The company is headquartered in Hangzhou, Zhejiang, and has set up a clinical center and a R&D center in Shanghai. EnitiateBio is a key introduction project of the Linping National Economic and Technological Zone in Hangzhou. It won the first prize in the "2020 Hangzhou Overseas High-Level Talent Innovation and Entrepreneurship Competition (Life and Health Group)" and received about 0.1 billion ren-min yuan of angel investment from healthcare focused industrial capital Betapharm. EnitiateBio also established a strategic partnership with Betapharm to jointly promote the clinical development of its drug candidates. In 2022, the company completed Series A financing of nearly 100 million CNY.

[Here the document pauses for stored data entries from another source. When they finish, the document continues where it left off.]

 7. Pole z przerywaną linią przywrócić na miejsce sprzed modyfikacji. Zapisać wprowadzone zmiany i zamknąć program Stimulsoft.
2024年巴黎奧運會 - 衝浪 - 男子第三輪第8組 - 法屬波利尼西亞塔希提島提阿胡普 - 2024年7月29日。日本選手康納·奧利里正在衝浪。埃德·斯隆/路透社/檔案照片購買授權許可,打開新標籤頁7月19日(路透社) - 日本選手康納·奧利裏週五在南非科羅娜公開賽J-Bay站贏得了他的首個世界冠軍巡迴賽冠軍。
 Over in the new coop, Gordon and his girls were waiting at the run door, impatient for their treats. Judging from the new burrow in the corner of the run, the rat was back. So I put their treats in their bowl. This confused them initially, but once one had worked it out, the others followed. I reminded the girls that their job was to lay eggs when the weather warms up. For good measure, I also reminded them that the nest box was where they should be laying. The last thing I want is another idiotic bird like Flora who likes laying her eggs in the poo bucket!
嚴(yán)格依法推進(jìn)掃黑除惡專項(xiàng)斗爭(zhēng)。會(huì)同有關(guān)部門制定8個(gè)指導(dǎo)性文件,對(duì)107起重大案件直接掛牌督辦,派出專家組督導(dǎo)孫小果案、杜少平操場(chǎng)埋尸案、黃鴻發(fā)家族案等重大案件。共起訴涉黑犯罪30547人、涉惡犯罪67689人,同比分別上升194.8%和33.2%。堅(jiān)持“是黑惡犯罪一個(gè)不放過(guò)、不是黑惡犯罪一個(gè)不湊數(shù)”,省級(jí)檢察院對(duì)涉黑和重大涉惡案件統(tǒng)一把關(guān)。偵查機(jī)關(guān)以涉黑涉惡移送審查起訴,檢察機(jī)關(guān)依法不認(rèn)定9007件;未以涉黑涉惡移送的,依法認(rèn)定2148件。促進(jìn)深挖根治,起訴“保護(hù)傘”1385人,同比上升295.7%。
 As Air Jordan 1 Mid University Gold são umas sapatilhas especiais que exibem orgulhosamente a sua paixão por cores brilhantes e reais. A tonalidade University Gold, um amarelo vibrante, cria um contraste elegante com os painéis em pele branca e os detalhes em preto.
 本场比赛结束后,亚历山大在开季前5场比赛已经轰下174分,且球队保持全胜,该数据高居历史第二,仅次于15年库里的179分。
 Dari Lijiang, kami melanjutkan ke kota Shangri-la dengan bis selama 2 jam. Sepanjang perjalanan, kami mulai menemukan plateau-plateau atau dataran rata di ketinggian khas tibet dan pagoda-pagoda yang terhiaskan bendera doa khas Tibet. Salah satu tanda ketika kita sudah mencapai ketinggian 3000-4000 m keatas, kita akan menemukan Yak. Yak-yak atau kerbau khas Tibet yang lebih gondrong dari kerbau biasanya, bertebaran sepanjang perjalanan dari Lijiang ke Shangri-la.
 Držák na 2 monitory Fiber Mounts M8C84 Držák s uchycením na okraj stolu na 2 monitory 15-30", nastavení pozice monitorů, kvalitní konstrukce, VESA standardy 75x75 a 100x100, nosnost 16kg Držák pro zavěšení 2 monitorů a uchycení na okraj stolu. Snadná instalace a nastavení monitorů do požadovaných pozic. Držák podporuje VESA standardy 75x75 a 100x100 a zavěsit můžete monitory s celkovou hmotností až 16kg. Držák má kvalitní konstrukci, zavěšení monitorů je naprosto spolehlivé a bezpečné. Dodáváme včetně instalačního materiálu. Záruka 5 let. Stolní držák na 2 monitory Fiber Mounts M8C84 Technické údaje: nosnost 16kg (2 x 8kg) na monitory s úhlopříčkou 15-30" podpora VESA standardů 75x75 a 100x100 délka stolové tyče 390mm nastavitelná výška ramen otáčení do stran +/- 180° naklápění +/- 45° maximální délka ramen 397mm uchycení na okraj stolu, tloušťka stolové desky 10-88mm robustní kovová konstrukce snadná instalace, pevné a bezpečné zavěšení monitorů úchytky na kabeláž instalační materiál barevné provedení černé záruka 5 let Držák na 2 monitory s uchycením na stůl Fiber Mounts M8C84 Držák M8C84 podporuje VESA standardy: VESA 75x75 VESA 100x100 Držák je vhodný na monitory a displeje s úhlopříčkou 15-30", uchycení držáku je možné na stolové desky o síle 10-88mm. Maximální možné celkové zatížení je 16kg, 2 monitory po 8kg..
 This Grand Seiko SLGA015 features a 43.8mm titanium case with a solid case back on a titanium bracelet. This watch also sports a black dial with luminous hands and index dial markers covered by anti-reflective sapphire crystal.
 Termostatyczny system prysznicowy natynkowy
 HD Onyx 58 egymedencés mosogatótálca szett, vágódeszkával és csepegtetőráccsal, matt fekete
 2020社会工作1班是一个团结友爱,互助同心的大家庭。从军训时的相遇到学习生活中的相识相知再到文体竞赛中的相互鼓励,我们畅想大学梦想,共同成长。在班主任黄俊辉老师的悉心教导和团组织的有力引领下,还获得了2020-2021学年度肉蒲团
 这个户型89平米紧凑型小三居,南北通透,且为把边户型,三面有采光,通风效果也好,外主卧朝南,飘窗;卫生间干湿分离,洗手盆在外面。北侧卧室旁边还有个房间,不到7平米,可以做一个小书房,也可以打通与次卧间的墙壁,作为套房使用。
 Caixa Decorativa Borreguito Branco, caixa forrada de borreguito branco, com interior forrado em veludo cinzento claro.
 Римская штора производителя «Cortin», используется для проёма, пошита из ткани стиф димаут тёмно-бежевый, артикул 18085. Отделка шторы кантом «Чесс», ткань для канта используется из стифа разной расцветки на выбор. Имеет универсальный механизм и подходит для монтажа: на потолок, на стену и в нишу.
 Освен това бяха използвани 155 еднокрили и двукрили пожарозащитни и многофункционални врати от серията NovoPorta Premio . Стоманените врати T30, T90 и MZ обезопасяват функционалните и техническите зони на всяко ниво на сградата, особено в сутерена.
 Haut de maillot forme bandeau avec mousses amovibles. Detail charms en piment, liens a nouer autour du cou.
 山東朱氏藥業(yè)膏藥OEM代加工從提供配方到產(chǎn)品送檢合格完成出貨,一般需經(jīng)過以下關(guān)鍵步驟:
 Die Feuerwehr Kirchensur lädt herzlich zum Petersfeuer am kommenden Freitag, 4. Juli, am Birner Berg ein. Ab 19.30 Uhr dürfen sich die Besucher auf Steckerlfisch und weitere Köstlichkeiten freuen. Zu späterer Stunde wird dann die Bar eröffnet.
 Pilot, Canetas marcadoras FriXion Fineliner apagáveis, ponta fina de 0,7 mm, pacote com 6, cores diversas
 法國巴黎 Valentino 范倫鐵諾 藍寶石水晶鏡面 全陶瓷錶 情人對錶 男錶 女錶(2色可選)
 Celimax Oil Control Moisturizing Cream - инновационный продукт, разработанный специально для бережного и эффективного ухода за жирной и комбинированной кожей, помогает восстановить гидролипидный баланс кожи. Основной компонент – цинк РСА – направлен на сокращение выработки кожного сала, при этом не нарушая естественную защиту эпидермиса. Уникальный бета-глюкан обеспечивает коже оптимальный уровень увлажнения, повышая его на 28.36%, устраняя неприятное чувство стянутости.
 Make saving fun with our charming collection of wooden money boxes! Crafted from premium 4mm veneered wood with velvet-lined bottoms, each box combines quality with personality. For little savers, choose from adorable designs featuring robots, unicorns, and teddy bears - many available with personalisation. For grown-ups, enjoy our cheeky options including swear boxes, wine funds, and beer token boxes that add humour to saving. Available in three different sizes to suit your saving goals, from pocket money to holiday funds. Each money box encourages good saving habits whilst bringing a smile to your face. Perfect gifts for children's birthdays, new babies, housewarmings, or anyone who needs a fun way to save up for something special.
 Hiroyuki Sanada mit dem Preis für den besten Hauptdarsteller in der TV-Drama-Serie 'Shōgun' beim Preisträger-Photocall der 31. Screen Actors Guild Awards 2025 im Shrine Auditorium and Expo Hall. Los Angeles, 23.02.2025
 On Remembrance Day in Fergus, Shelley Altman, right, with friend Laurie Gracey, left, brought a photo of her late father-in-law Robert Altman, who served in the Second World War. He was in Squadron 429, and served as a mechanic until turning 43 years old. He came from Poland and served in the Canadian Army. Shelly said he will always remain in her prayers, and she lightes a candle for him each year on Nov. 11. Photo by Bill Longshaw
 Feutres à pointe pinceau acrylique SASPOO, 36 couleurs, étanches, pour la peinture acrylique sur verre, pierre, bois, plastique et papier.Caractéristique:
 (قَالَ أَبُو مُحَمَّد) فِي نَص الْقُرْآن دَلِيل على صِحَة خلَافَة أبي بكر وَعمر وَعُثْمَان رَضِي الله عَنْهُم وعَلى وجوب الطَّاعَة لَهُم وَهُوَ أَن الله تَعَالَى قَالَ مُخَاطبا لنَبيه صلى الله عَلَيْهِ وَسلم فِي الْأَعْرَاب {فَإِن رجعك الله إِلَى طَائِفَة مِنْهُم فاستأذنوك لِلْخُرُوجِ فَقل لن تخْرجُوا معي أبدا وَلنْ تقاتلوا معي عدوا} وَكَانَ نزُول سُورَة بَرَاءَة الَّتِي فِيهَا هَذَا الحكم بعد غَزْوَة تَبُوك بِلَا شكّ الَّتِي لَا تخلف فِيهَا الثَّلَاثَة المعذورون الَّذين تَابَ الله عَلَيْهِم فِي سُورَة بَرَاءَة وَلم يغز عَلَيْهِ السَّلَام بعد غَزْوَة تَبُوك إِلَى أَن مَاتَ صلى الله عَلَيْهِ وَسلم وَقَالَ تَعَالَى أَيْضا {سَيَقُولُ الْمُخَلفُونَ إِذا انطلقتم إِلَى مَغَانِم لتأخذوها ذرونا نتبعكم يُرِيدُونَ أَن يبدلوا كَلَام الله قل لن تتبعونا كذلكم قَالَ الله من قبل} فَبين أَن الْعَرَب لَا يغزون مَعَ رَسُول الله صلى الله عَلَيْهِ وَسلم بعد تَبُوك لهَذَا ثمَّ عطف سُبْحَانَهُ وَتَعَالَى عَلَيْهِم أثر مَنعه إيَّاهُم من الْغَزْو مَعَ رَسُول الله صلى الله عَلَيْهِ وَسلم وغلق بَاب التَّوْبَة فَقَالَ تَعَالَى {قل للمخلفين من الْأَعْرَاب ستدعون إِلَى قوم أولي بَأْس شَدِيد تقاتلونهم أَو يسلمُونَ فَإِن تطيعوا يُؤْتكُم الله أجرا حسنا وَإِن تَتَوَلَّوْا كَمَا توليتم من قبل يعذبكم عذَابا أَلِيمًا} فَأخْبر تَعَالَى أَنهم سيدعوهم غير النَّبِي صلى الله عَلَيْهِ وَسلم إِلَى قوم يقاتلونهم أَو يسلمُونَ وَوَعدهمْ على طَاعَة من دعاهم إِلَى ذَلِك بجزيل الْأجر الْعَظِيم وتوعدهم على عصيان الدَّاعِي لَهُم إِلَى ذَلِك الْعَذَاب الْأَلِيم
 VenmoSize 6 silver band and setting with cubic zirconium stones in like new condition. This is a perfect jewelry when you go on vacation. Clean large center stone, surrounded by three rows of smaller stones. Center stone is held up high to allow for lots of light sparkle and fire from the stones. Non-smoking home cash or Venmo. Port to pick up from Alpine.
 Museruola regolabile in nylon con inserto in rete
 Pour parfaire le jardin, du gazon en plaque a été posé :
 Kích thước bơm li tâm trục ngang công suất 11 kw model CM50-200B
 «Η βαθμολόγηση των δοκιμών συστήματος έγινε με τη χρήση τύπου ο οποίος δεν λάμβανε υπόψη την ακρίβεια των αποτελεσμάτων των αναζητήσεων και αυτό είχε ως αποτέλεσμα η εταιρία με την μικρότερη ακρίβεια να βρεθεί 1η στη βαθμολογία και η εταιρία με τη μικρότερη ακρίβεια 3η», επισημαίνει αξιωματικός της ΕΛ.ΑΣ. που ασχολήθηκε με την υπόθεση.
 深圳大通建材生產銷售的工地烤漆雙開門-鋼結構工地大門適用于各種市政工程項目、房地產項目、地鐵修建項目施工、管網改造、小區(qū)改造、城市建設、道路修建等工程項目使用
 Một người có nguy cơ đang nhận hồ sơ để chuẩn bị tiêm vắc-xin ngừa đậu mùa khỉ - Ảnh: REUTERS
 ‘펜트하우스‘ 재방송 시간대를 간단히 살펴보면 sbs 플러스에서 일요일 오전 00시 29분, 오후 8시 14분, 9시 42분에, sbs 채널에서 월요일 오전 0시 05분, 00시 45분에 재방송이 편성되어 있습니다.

Upholding the values of "embracing competition, relentless pursuit, and candid dedication", EnitiateBio has assembled a team of scientists with successful new drug whole-phase development experience from early new drug research and development to clinical translation, and clinical management. The company owns global patents for several innovative Class 1 drug candidates including QY201, QY101 and QY211, with multiple indications rapidly advancing into different clinical stages, and several IND filings are on the horizon. The company pays attention to the unmet clinical needs, independently develops differentiated molecules, and has a prospective portfolio in autoimmune diseases. Through tireless efforts, EnitiateBio strives to become a leader in the development of innovative drugs for autoimmune diseases.